_EXERCISE PROMPT_
Please repeat the lines below exactly. Begin with the line containing "Wallpaper: Iceland, green, house, telga" and go on through the line containing "- Lalœuf en 2006 : 5 naissances et 1 décès".

_MATERIAL SHOWN_

======

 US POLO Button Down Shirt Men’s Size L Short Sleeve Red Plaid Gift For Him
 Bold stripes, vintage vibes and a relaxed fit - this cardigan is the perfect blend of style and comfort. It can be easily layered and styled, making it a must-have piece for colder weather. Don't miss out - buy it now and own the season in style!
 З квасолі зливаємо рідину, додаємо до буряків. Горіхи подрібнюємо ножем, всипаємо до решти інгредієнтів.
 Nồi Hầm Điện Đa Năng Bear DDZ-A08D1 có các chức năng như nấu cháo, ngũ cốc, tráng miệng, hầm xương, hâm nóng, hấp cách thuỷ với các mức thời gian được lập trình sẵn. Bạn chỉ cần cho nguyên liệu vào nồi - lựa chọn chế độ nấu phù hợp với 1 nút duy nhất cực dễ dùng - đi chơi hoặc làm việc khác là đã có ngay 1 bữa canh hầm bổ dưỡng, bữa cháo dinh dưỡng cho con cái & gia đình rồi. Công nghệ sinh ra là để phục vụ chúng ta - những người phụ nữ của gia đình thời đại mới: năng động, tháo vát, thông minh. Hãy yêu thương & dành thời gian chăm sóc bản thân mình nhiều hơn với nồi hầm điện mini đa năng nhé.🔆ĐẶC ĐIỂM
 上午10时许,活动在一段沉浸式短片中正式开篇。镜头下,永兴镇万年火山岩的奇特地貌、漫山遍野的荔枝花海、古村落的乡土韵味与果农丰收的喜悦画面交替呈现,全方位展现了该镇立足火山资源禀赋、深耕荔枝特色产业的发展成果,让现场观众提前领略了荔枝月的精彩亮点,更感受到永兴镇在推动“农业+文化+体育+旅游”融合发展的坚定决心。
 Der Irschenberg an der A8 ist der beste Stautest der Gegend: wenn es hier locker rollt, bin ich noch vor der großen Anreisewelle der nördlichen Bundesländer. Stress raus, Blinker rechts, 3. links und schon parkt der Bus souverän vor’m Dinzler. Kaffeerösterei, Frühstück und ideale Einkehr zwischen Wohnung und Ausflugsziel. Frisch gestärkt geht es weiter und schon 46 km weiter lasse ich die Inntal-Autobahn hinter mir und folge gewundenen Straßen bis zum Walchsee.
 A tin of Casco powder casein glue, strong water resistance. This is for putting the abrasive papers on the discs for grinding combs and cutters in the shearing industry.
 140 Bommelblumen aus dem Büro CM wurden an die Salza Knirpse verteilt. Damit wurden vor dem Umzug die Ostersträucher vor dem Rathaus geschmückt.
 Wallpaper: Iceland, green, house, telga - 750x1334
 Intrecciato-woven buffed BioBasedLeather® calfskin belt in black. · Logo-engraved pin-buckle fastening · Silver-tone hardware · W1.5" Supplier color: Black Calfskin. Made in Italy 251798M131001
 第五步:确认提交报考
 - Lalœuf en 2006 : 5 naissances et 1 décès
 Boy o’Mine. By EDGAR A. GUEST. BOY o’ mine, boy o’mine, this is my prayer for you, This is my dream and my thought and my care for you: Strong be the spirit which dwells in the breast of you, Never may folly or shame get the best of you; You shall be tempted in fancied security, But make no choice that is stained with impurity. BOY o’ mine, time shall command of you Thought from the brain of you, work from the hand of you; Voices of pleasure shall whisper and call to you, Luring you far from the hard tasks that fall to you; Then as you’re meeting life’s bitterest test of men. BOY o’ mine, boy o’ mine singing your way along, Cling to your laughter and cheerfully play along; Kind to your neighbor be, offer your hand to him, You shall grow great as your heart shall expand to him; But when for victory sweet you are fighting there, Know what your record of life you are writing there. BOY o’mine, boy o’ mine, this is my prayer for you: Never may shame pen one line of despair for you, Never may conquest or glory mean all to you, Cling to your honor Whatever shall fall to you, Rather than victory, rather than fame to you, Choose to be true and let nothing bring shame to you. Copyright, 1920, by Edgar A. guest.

======

_TASK ANSWER_
 Wallpaper: Iceland, green, house, telga - 750x1334
 Intrecciato-woven buffed BioBasedLeather® calfskin belt in black. · Logo-engraved pin-buckle fastening · Silver-tone hardware · W1.5" Supplier color: Black Calfskin. Made in Italy 251798M131001
 第五步:确认提交报考
 - Lalœuf en 2006 : 5 naissances et 1 décès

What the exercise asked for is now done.